Bitcoin is the currency of the Internet: a distributed, worldwide, decentralized digital money. Unlike traditional currencies such as dollars, bitcoins are issued and managed without any central authority whatsoever: there is no government, company, or bank in charge of Bitcoin. As such, it is more resistant to wild inflation and corrupt banks. With Bitcoin, you can be your own bank.Bitcoin is the currency of the Internet: a distributed, worldwide, decentralized digital money. Unlike traditional currencies such as dollars, bitcoins are issued and managed without any central authority whatsoever: there is no government, company, or bank in charge of Bitcoin. As such, it is more resistant to wild inflation and corrupt banks. With Bitcoin, you can be your own bank.Bitcoin is the currency of the Internet: a distributed, worldwide, decentralized digital money. Unlike traditional currencies such as dollars, bitcoins are issued and managed without any central authority whatsoever: there is no

### Get result from GPT-3.5

In [35]:
response = openai.Completion.create(
          engine='gpt-3.5-turbo',
          prompt=CoT,
          max_tokens=4000,
          temperature=0,
          top_p=1,
          frequency_penalty=0,
          presence_penalty=0,
          stop=["\n"]
        )

 


In [36]:
print("Example: Retrieval with MyScale")
print('Q: ', question)

print('A: ',response["choices"][0]["text"])

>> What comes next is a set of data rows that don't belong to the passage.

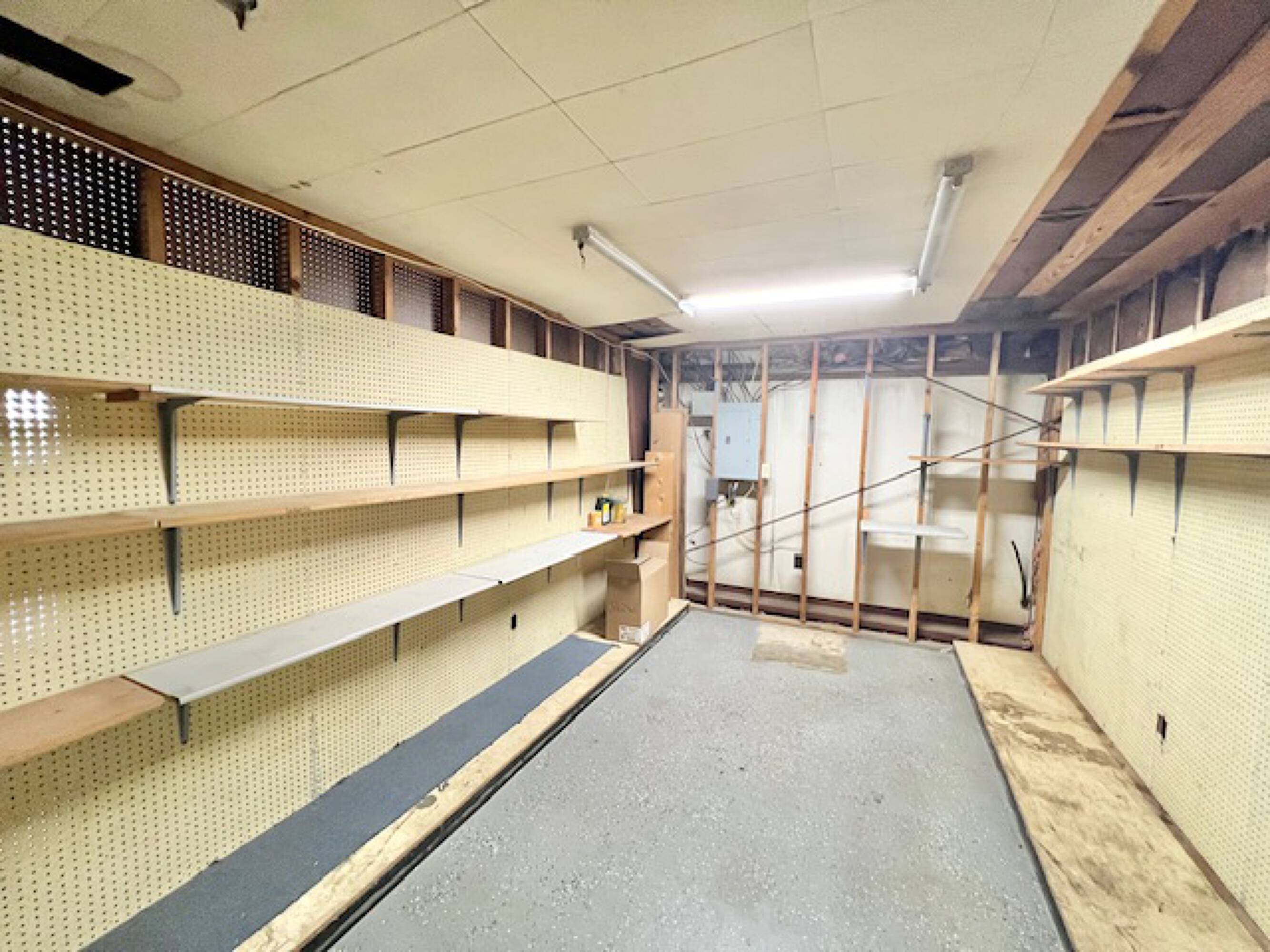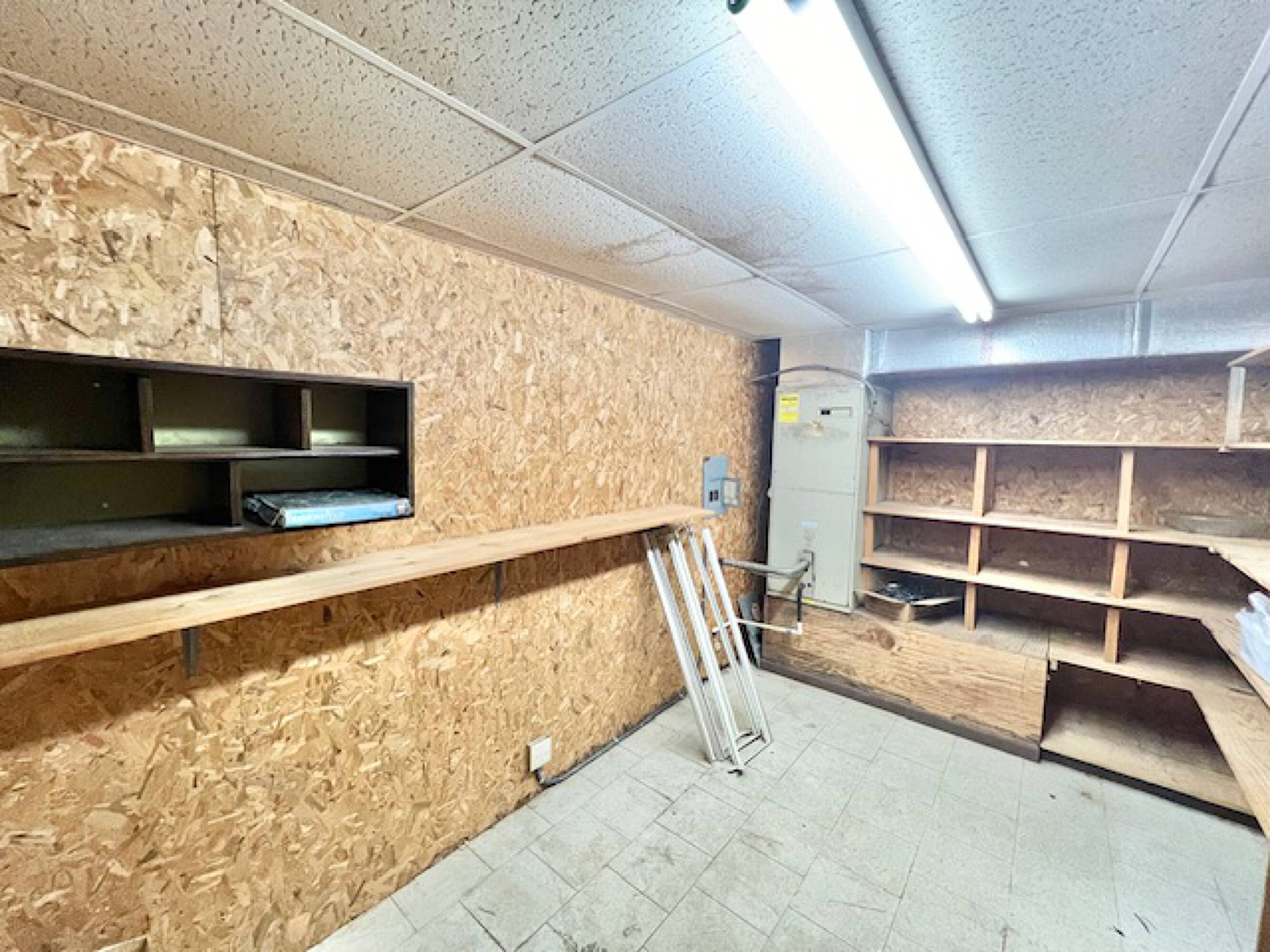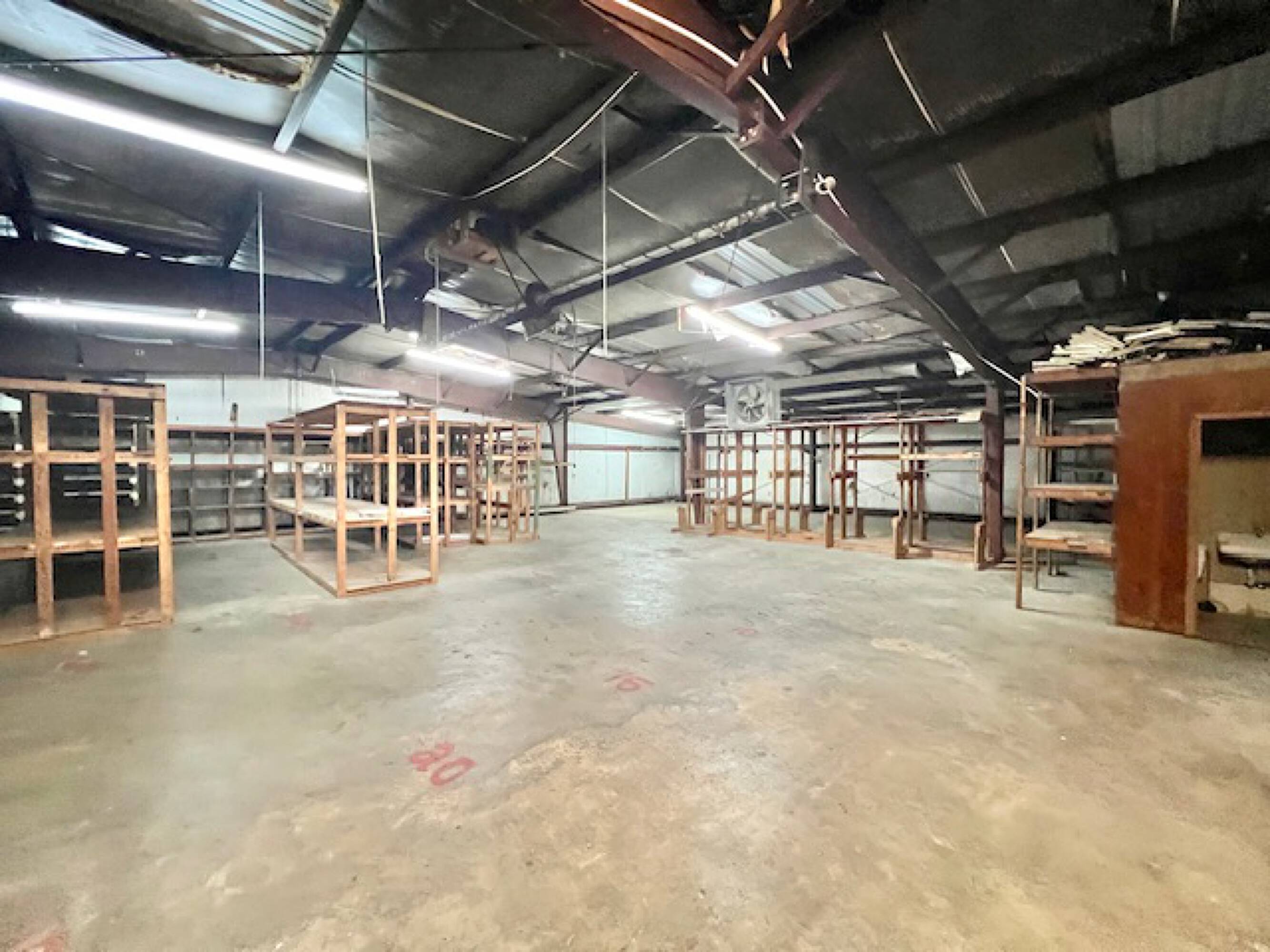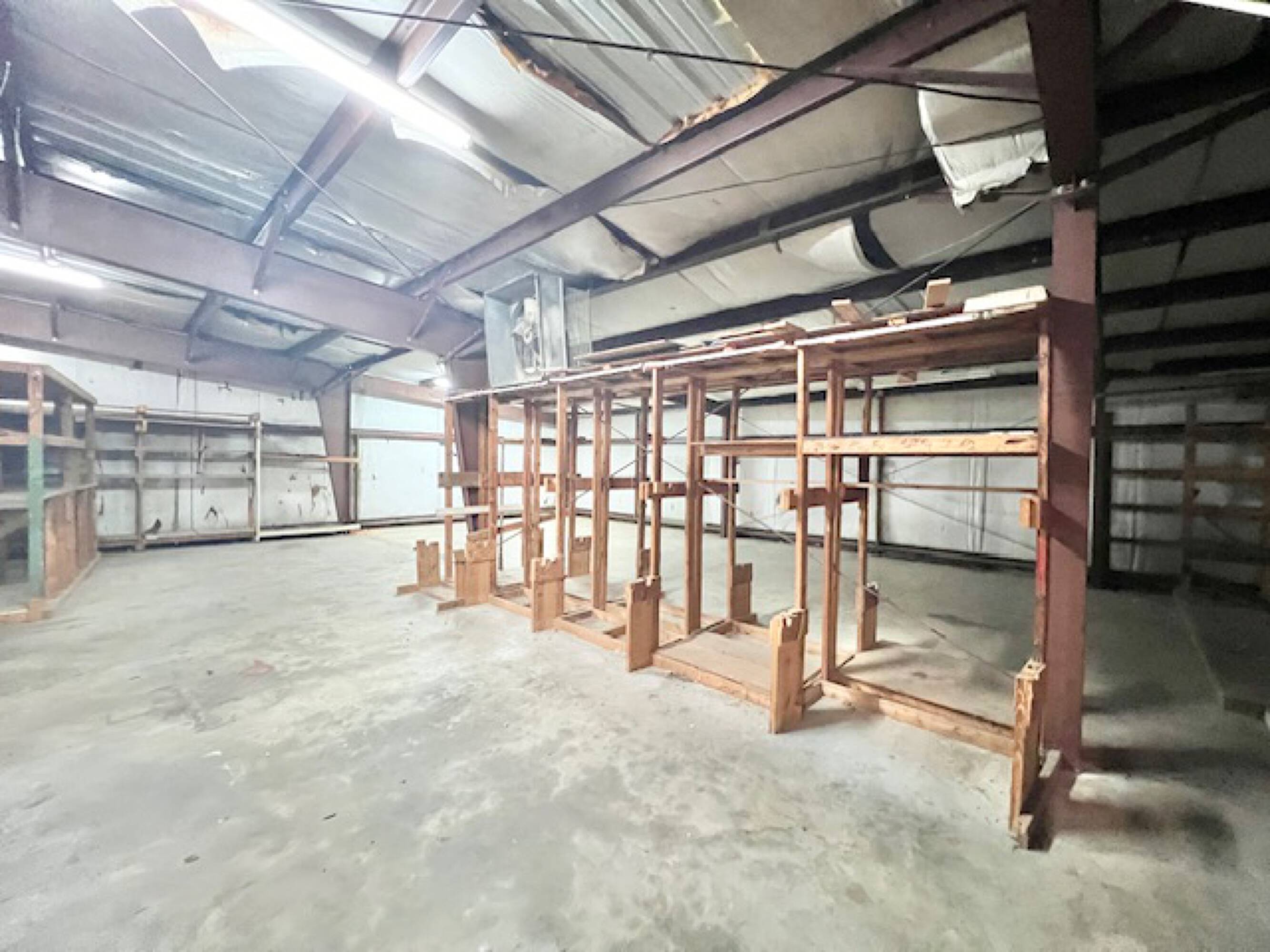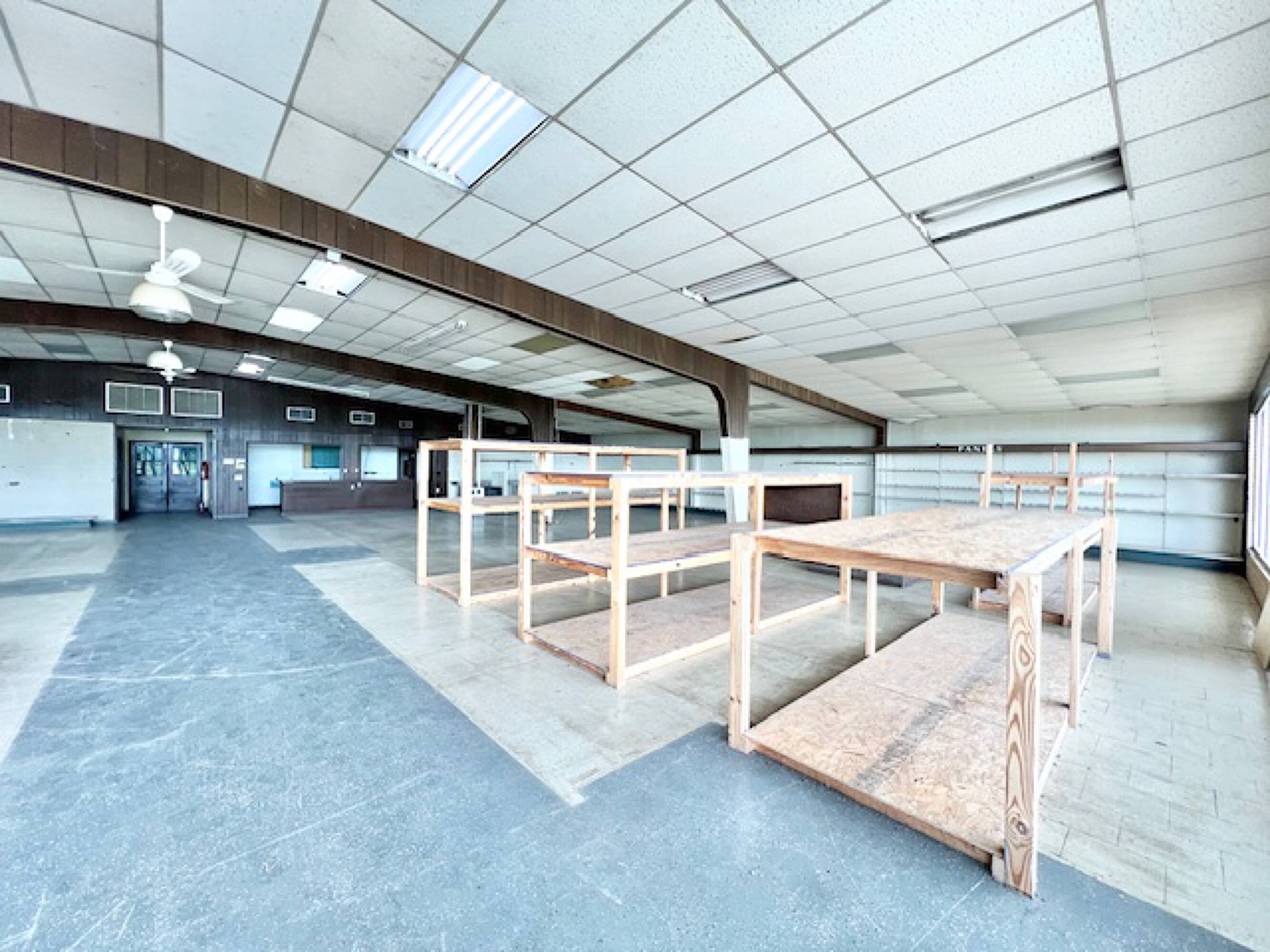Well-established commercial building with high ceilings and ample parking.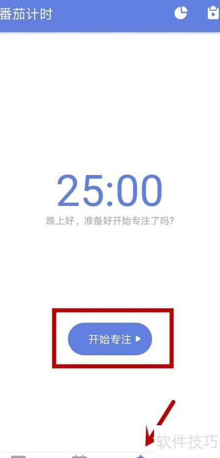 5、 设置完成后返回主界面,点击番茄选项即可启动番茄时钟,操作所示。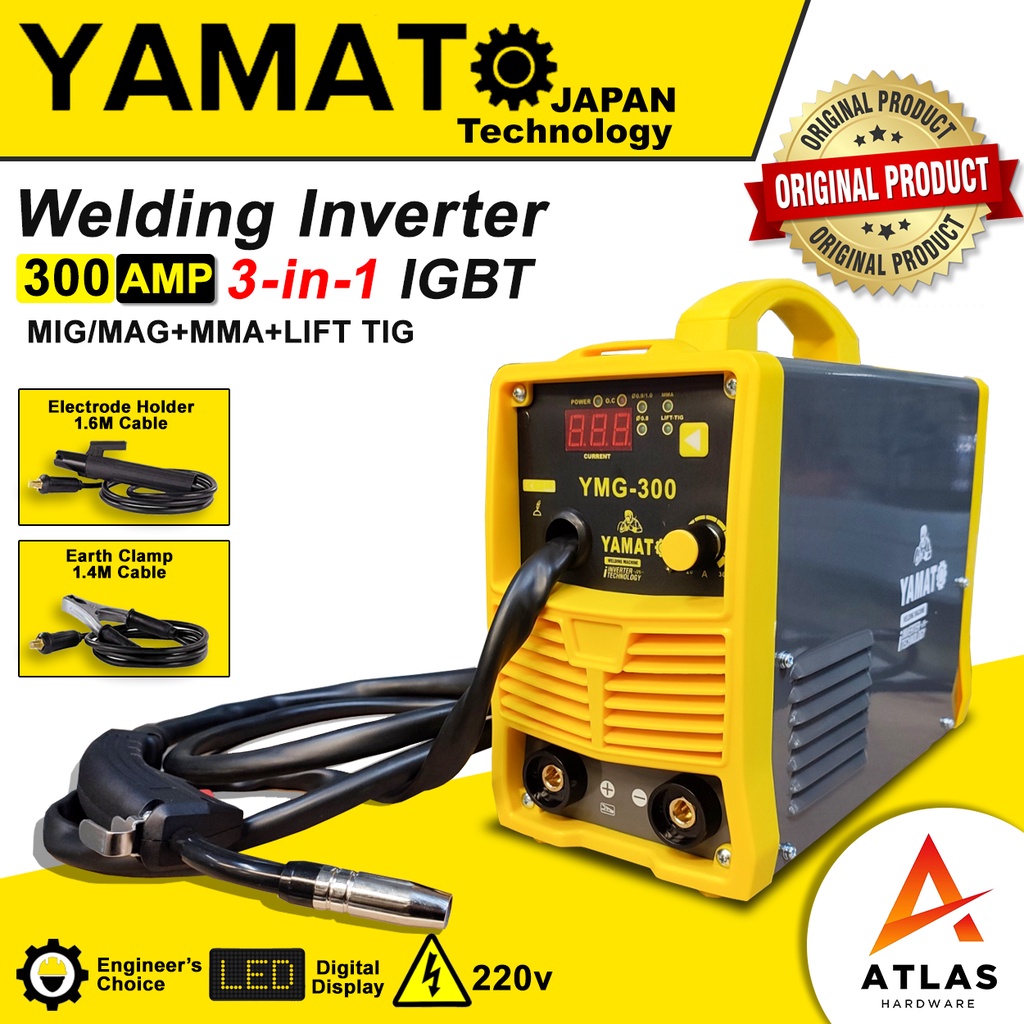 YAMATO JAPAN 300A Gasless 3 IN 1 MIG TIG MMA IGBT Portable Inverter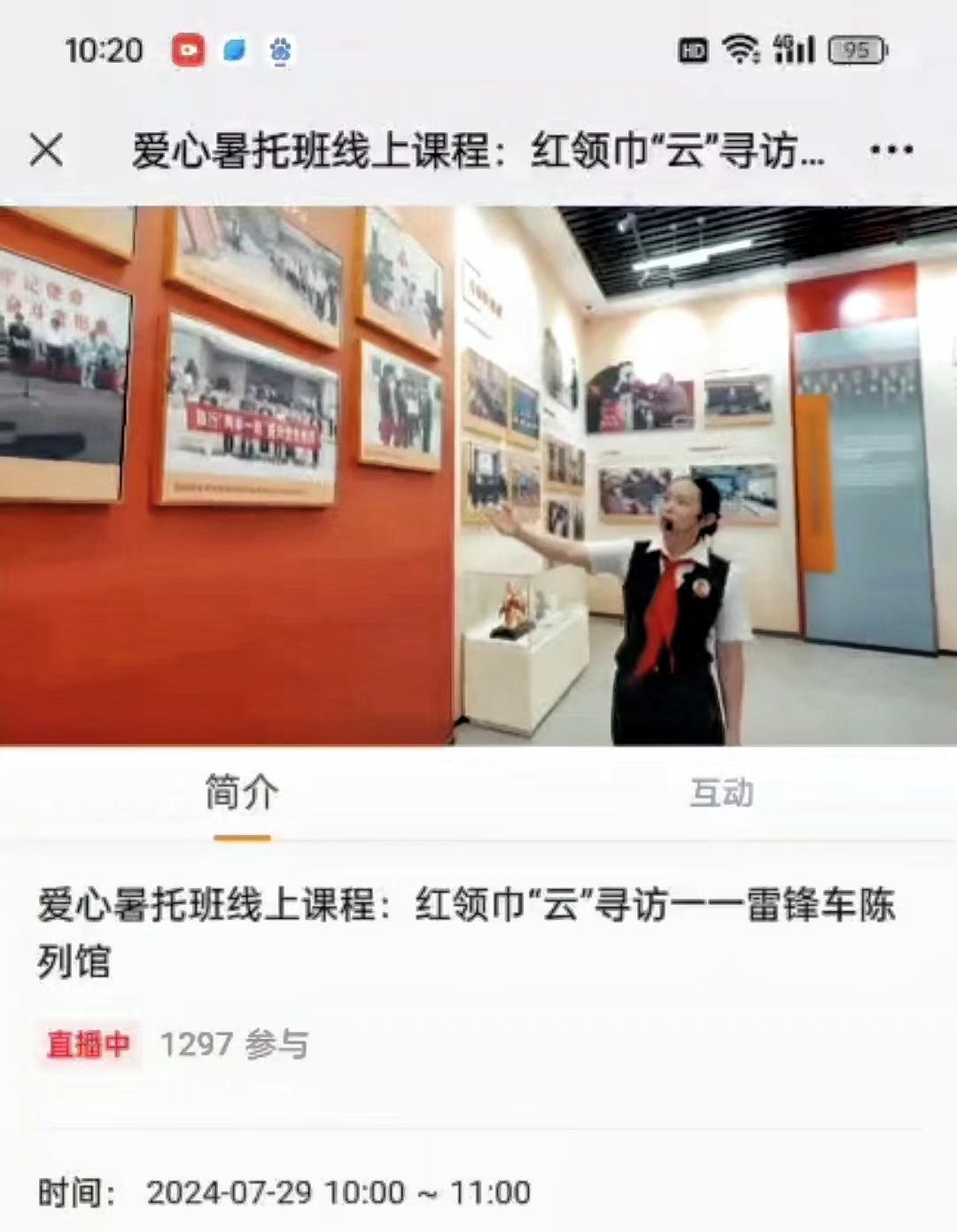 在“云”端讲解员的精彩引领下,孩子们仿佛身临其境,细致入微地游览了“雷锋车”事迹陈列馆的每一个角落。讲解员以其生动的语言,结合馆内丰富的图片、视频及实物资料,为孩子们详细讲述了“雷锋车”的光辉历程与那些感人至深的故事。不仅让孩子们深刻领略了“雷锋车”所承载的“宁愿自己千般苦,不让旅客一时难”的无私奉献精神,也引导孩子们向雷锋学习,向雷锋车学习,从小事做起,从身边做起,将爱心传递给更多需要帮助的人。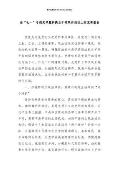 【七哥公文】2025年:【七哥公文】在“七一”专题党课暨新提任干部集体谈话上的党课报告+更多免费公文+VX:QiGeGongWen2024+更多免费公文+VX:QiGeGongWen2024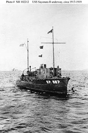 ![]() USS Sayonara II (SP-587) underway sometime between 1917 and 1919. | |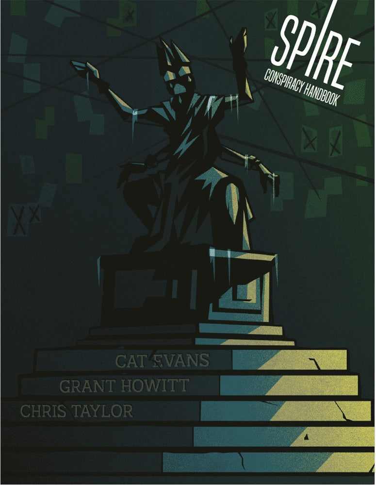 Secrets and Lies in the City of Spire. This slim volume contains rules and guidance on making your own bespoke secret society using some of the non-player characters and locations detailed within. Characters such as: Cacophony Gryndel, an amorous widow whose hobbies include sponsoring revolutionary organisations; Brigadier Arneau Destera, a decorated war hero desperate to dethrone the Council; Maji Levecha, an unmasked high elf in charge of a non-Euclidian getaway elevator; Professor Margot Arkemton, a gnoll scholar visiting Spire thanks to some truly labyrinth visa permissions; Father Gavel, an itinerant priest of the god of Breaking and Entering; Captain Calvy Lejeune, a teenager who was put in charge of a city guard garrison as a joke. Each NPC has sets of tables packed with motivations, flaws, leverages, assets and associates to help build a scenario with an emphasis on investigation and player choice; once everything’s set up, it’s up to your players to infiltrate and subvert the organisation to their own ends. Each character and location has been lovingly illustrated by Rowan MacColl.

Example: Retrieval with MyScale
Q:  what is the difference between bitcoin and traditional money?
A:  Bitcoin is a decentralized digital currency that is not issued or managed by any central authority, whereas traditional currencies such as dollars are issued and managed by governments or central banks. Bitcoin is also more resistant to inflation and corruption in the banking system, and allows individuals to be their own bank.


We return a complete and detailed answer. We have recieved great results.